The logic: use IM patterns to express the relationship between agent and human.

Left sidebar shows different specialist agents—Nova handles UGC, Sage handles SEO, Kai handles Twitter. Each has an avatar, name, role description. Like a team roster. Middle is conversation area. Right side shows outputs.

IM is one of the most familiar interaction patterns. Putting agents in an IM frame has potential benefits:

Relationship. Agent feels less like a cold tool, more like a team member.
Context continuity. Conversation history is natural. Users can scroll back anytime.
Multi-agent collaboration. Different agents work like different colleagues, each with their own specialty.

Problems

Which IM elements actually matter?

IM has many components—channels, threads, @mentions, reactions, status indicators. Which ones help express human-agent relationship? Which are just copying form without function?

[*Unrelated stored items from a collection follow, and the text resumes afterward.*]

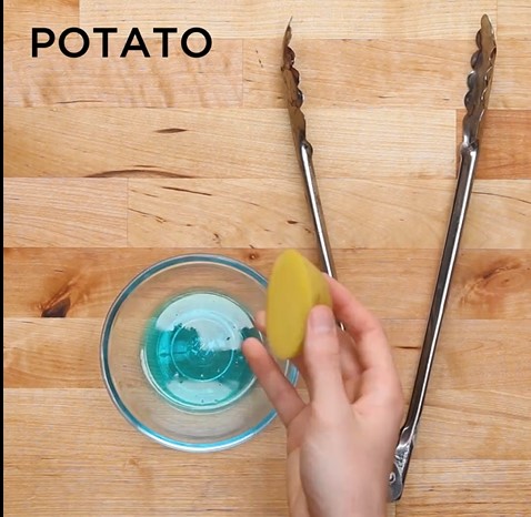 3. 將薯仔切出一片,然後沾上洗碗用的清潔劑,然後在生銹的地方清洗就可以了。
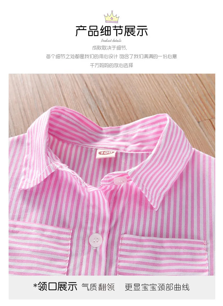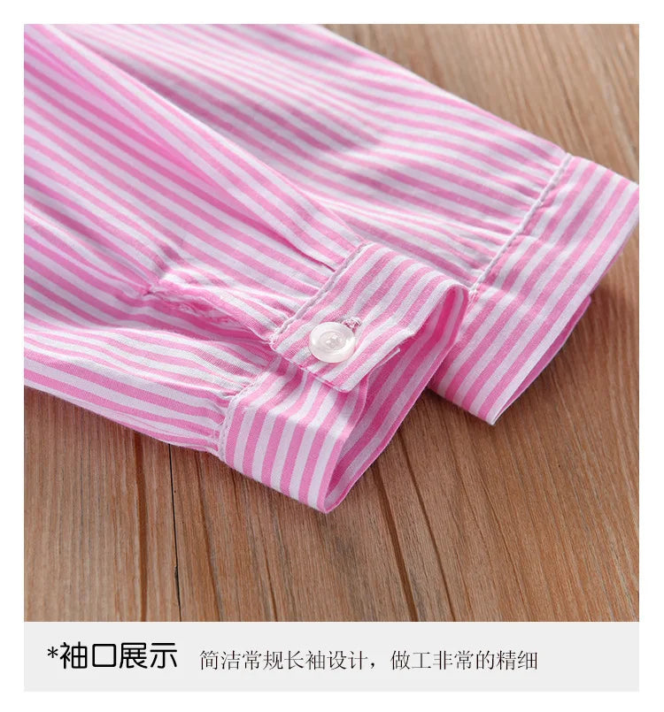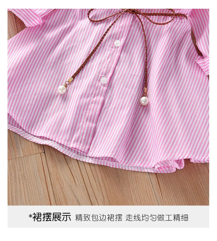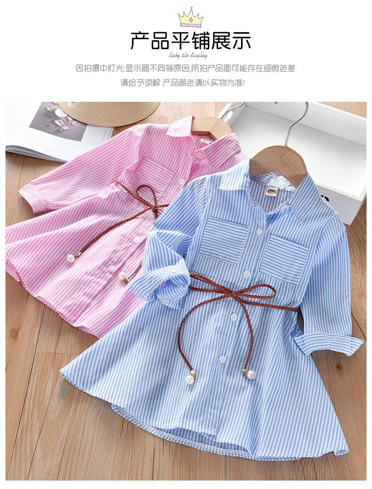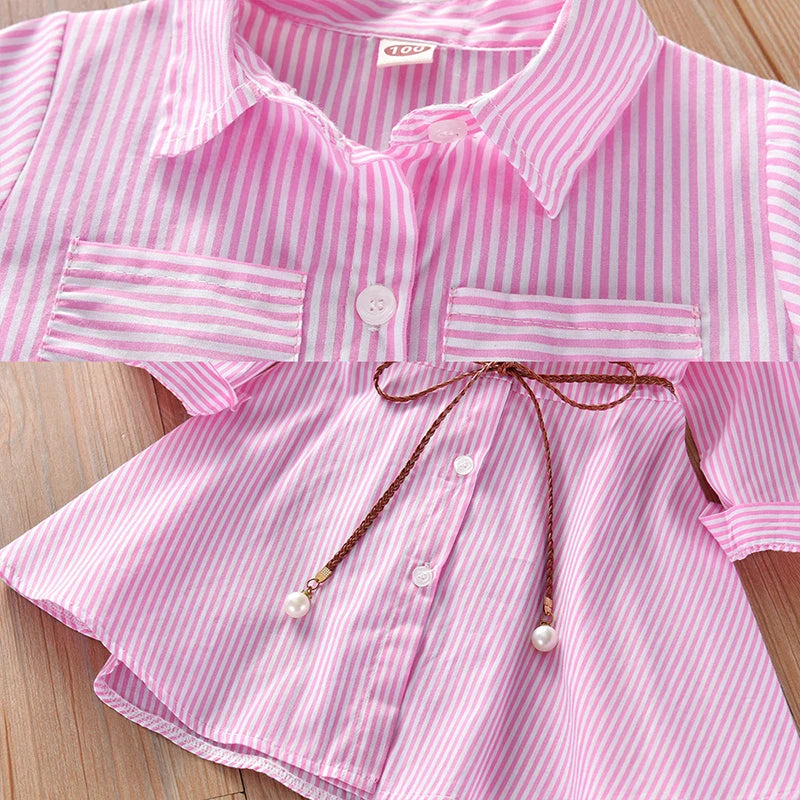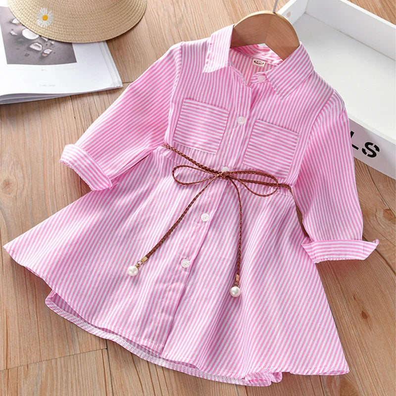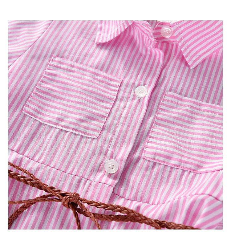 Kids Summer Single Breasted Shirt Dress Girls Casual Loose Pocket Striped Dress Fashion Chic Long Dresses Elegant Loose Belted
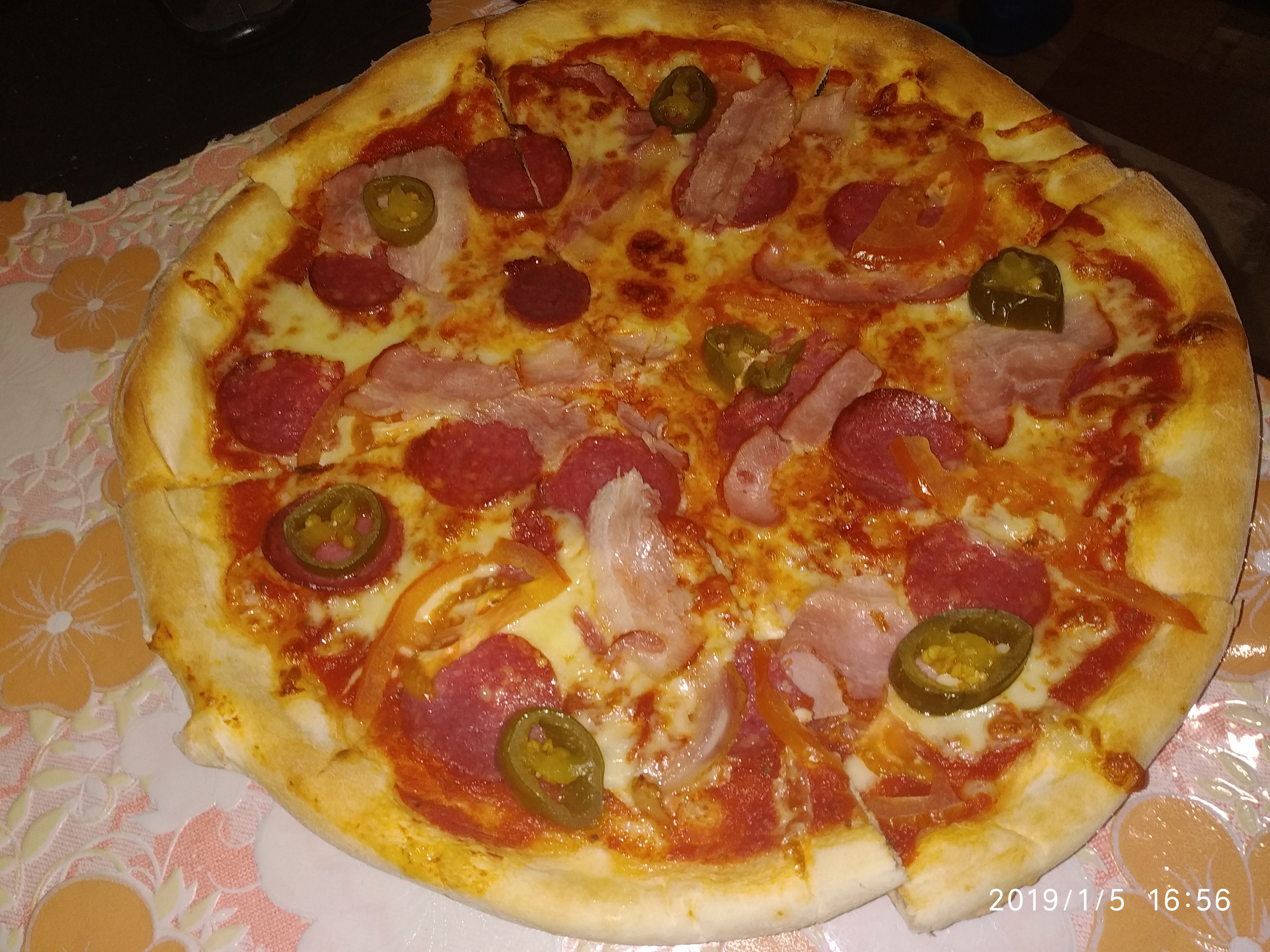 Заказали набор 5 пицц, и еще одну в придачу. Заказывал в воскресенье на час дня понедельника. Изначально хочу отметить что девочка на телефоне весьма компетентна, сразу видно что владела ситуацией. Пиццы доставили вовремя. Были настолько горячие что нижние аж жаром руки обдували))
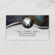 Los diseños del PAM ©2011. Represente su odontología de la familia o práctica del orthodontist con esta tarjeta de visita con clase y profesional, dental. Esta tarjeta ofrece una silueta blanca del diente en una esfera blanco y negro que coincide una frontera metalizado torcida. El fondo se comprende de una impresión coloreada fresca remolinada de la textura de la roca al lado de un fondo blanco.
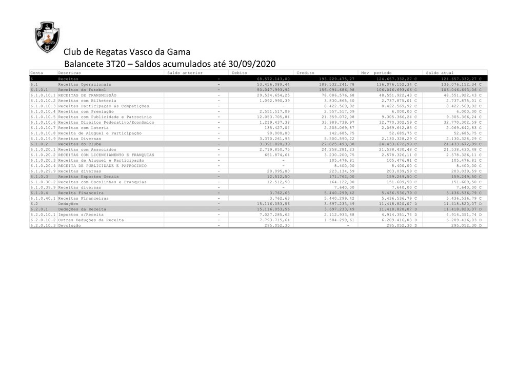 O orçamento do Vasco para 2020 previa arrecadação bem superior a do último ano (R$ 208 milhões). A diretoria colocou no orçamento R$ 324 milhões de receitas bruta, com R$ 310 milhões líquida. Até o fechamento do terceiro trimestre, esses valores chegaram a R$ 124,6 milhões, bem distante do estimado.
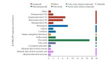 Terpenoids:萜类;Phenylpropanoids:苯丙素类;Others:其他;Flavonoids:黄酮类;Fatty acids related compounds:脂肪酸相关化合物类;Amino acids related compounds:氨基酸相关化合物类;Alkaloids:生物碱类;Triterpenoids (C30):三萜类(C30);Sesquiterpenoids (C15):倍半萜类;(C15);Monoterpenoids (C10):单萜类(C10);Diterpenoids (C20):二萜类(C20);Monolignols:单木质素醇类;Lignans:木脂素类;Coumarins:香豆素类;Tannins and galloyl derivatives:鞣质及其没食子酰衍生物;Isoflavonoids:异黄酮类;Flavonoids:黄酮类;Fatty acids:脂肪酸类;Cyanogenic glucosides:生氰苷类;Alkaloids derived from tyrosine:酪氨酸衍生生物碱;Alkaloids derived from nicotinic acid:烟酸衍生生物碱;Alkaloids derived from lysine:赖氨酸衍生生物碱。
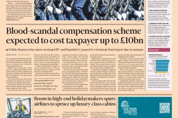The Financial Times notes the government could face an estimated £10bn compensation bill over the infected blood scandal, adding stress to public finances.
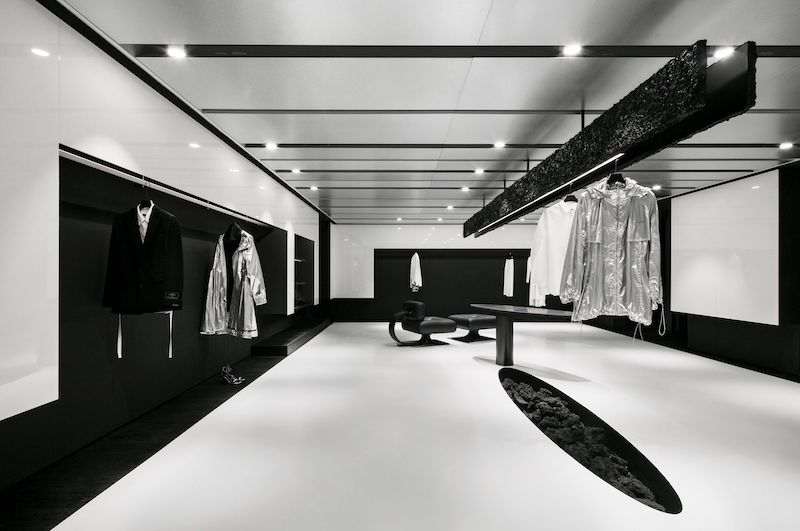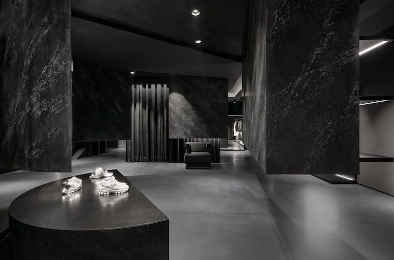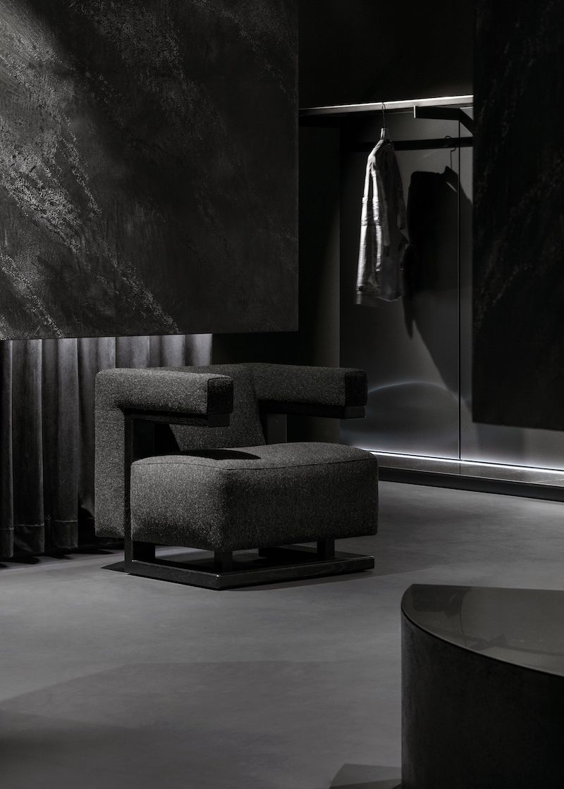 Tamsioje vyriškos aprangos erdvėje vyrauja kabančios geometrinės formos – stačiakampiai ekranai ir pusapvaliai elementai.
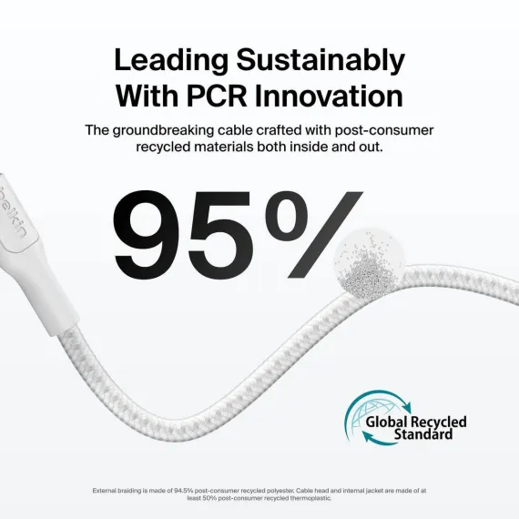 The BOOST↑CHARGE Pro USB-C to Lightning charging cable combines sustainability and performance, powering your iPhone 16 from 0-50% in 45 mins. Perfect for when you need a quick boost at home or on-the-go. Durable and sustainable, it withstands 30K+ bends and 10K+ plugs, and is compatible with iPhone 14 older for a greener future.
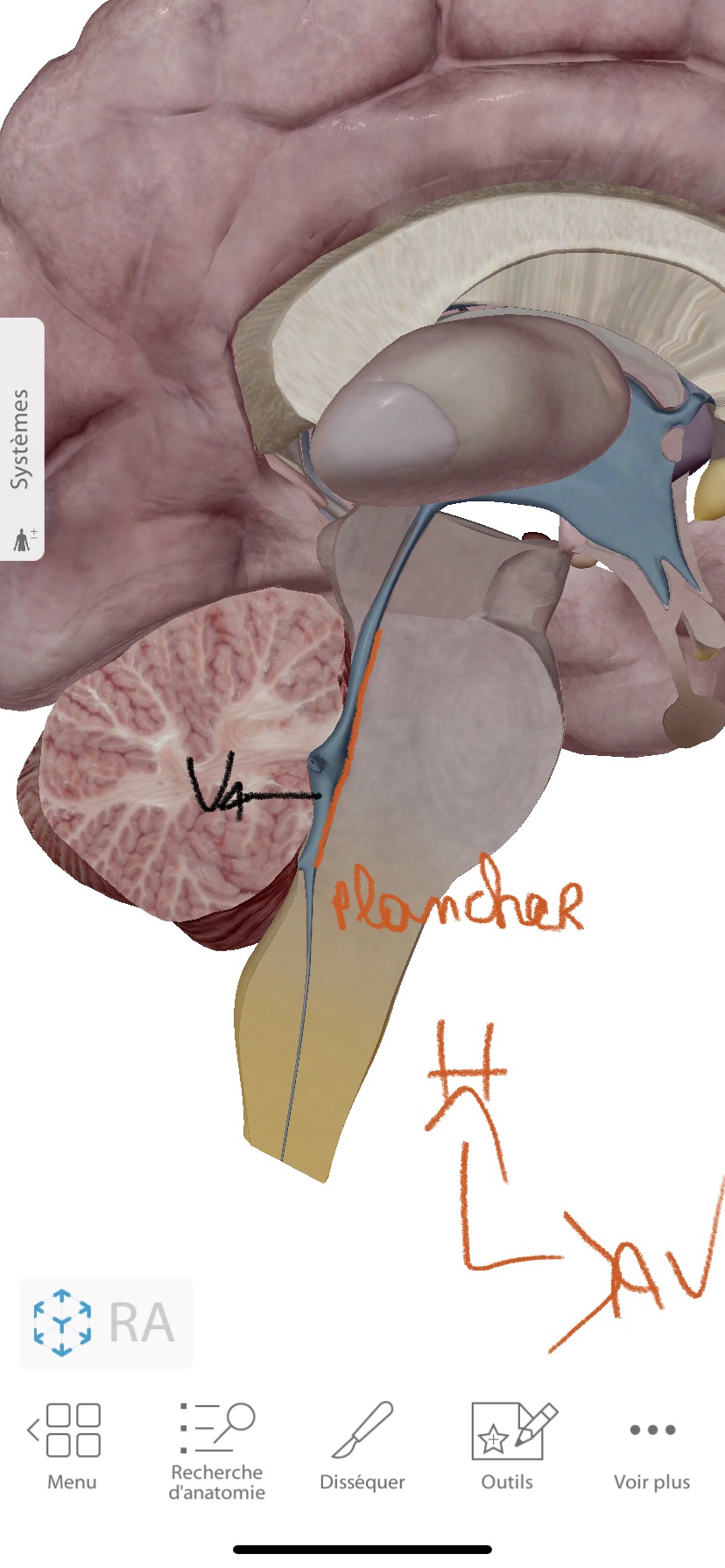 Je me suis embrouillée. Si le tut peut confirmer que du coup, la partie que l'on voit en vue POST de la fosse rhomboïde correspond bien au PLANCHER, qui est enfait en AVANT du V4 ? Merci
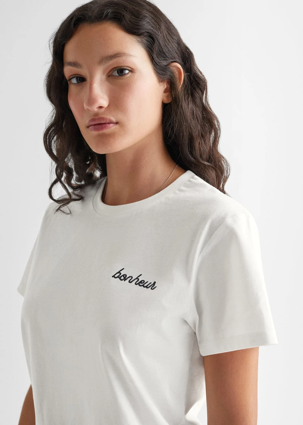 100 % coton, droit, col rond, manches courtes, detail brodeComposition: 100% coton
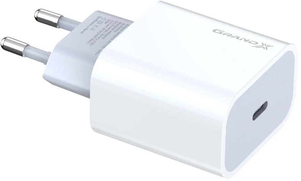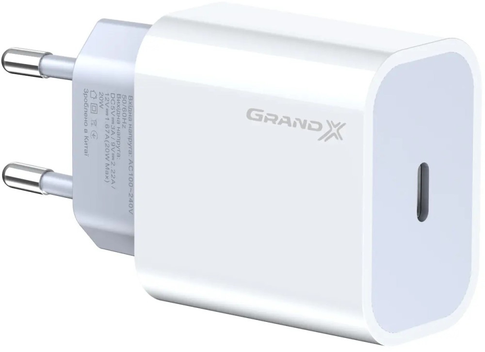 Мережевий зарядний пристрій Grand-X (1xUSB-C 20W) QC4.0, PD 3.0, FCP, AFC White (CH-770)

Example: "read" status. In human-to-human IM, it signals the other person saw your message. In human-to-agent interaction, the agent is always "read." Does the status still serve a purpose?

How to keep the soul without copying the skin?

What's the core value of IM? Is it "conversation," "relationship," or "collaboration"?

If you just make a chat box look like Slack, it's still fundamentally the same as any chatbot. The real question: what new interaction possibilities does IM form actually enable? I don't have an answer yet.

Where's the ceiling?

IM is mature on PC. But when hardware changes—AR glasses, voice-first devices—does IM still apply? Longer-term question, but worth considering.

The Human-Agent Spectrum

While thinking through these options, I sketched a spectrum:

Chat Interface Positioning Framework: from Human-led to Agent-led

The key question in the middle—circled in red—is what I'm trying to answer: where should chat be placed for vertical AI-native products?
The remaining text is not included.